The straying wife is looking for Mr Listener, not Mr Right. She seeks a man who will hear her out, a man who uses his ears to hear her - rather than as yet another body part he can tug, pick at, scratch. She wants a wailing wall, an interactive audience and a father confessor all rolled into one.

Modern home life is conducive to none of the above: home is where the other half grunts and snorts in front of the box, an anti- social animal who only stirs to refill his glass. Home is where children demand your attention, bills clamour for payment, and his mother comes for a meal. Home is where you run a bath to hear yourself think - and no one seems to want to hear you speak.

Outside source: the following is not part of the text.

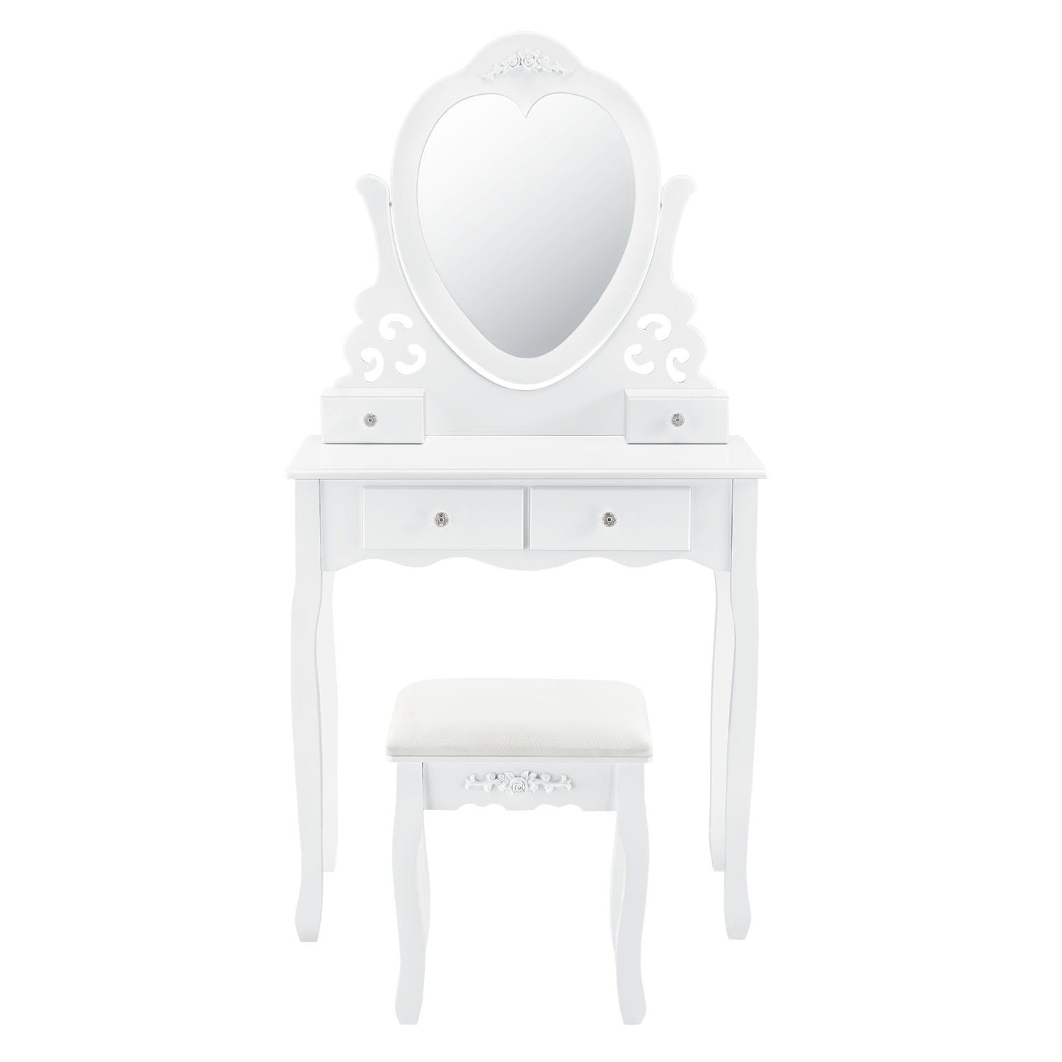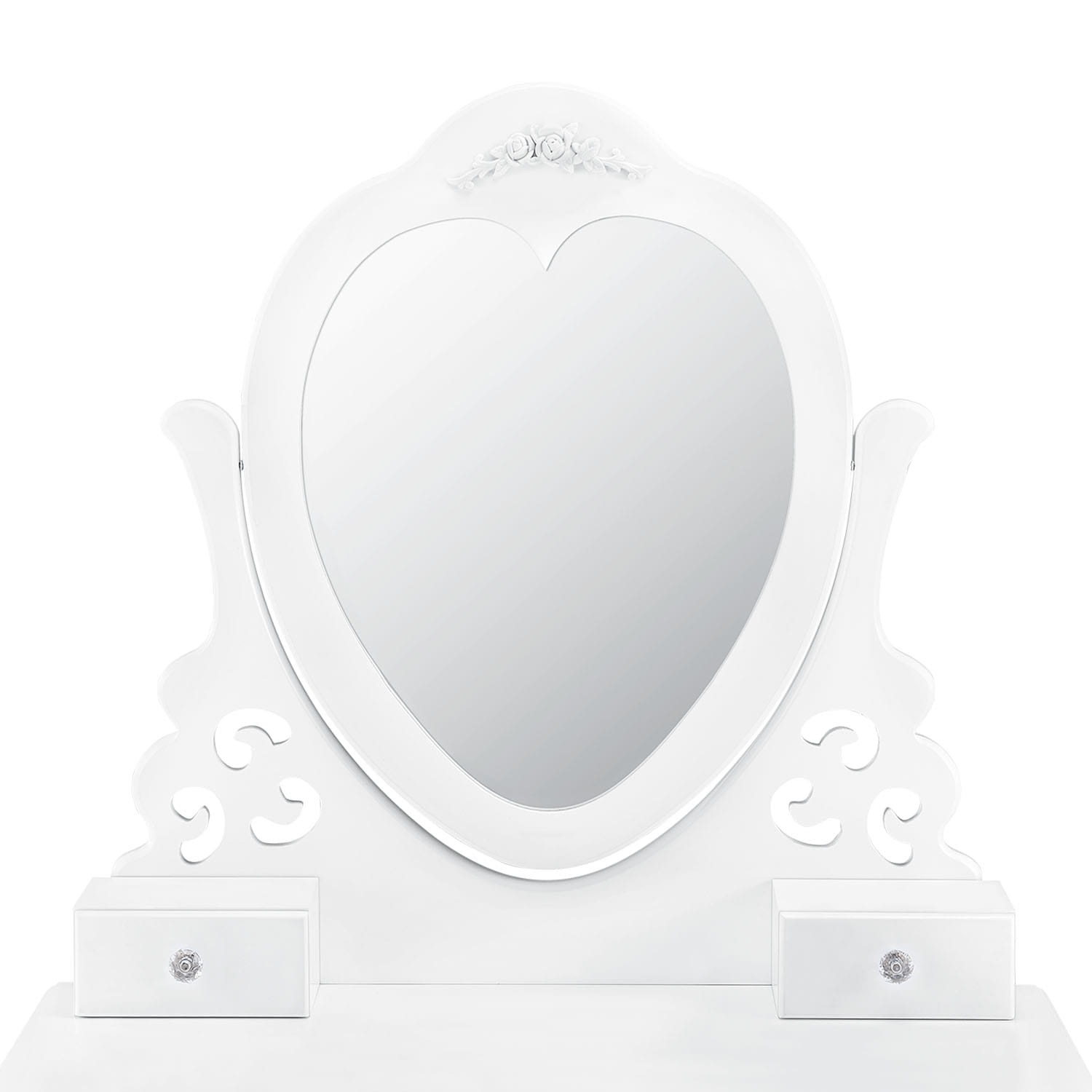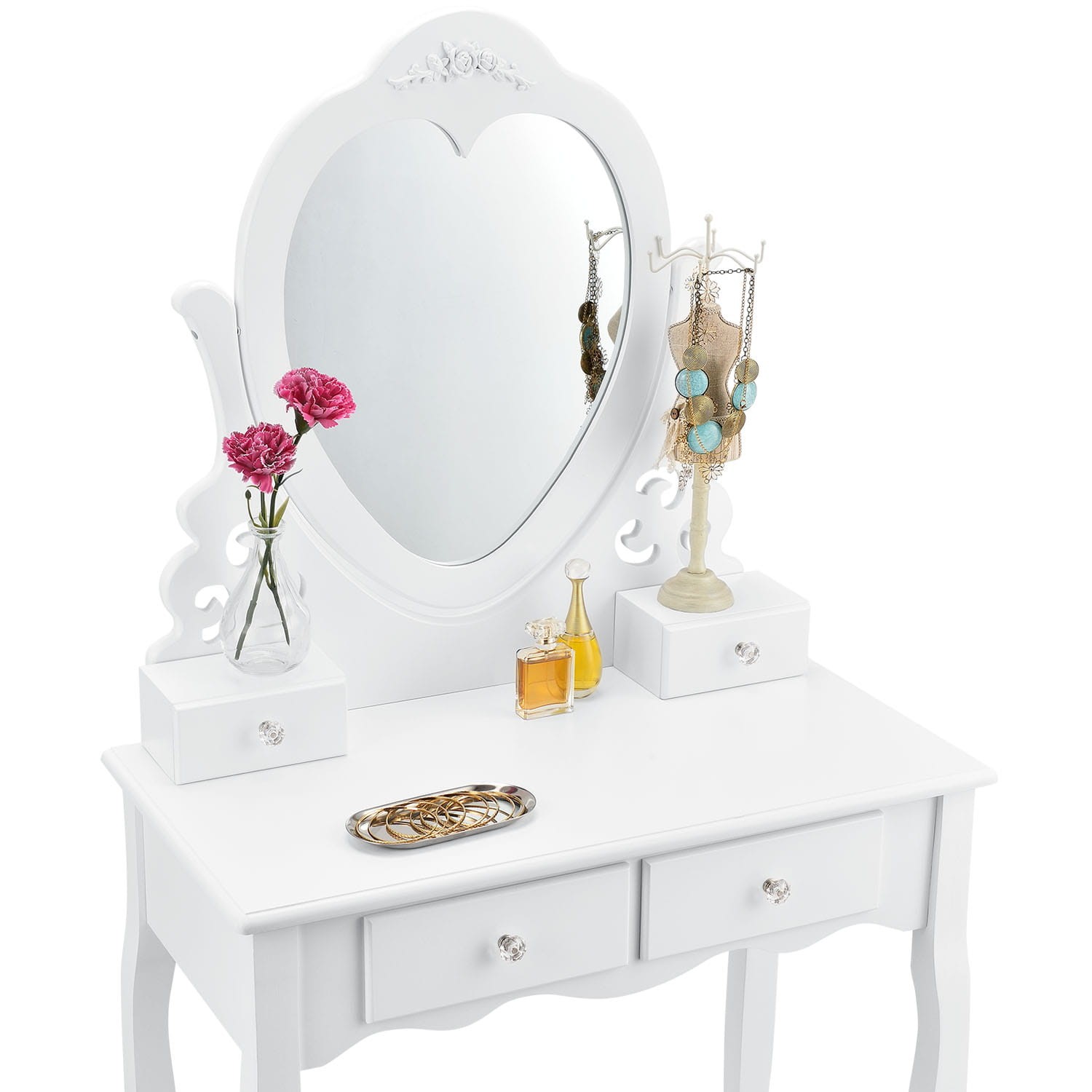 Stolik do makijażu z lustrem w kształcie serca, szufladami i stołkiem

The office instead is an all too tempting speech forum. Here, exchanges alternate with restful silence; group activity gives way to interaction. And hours of working cheek by jowl make for an intimacy that family members - plugged into their earphones, shut in their rooms, absent at mealtimes - no longer share.

OFFICE LIFE makes space for getting-to-know-you sessions - and women take the lead in this. Listen to a male and female colleague at work, discussing a proposed merger or a sloppy report.

He will talk dry and dusty professionalism. She will coax him into more intimate details, asking whether he watched The Office last night, or whether he's read Nick Hornby's latest.

Before long, she's loosened him up, and he's telling her how no, he couldn't watch The Office because he's had a row with the Missus ('she never understands how pressurised work is') and yes he did read Hornby, and sometimes wonders whether it wouldn't be easier to live with his son on his own.

For a woman, this oral engagement is necessary - it is what she founds her friendships on, and what she tries to duplicate at home. For a man, it is deeply seductive: she wants to know about ME. And because he's at work, where he is trained to listen to his boss, the accountant, the clients, he has no difficulty in bringing his listening skills to his time with her.

She thinks he's listening to her, he thinks she's gagging for him. What more promising start of an affair, as the Duchess would have said?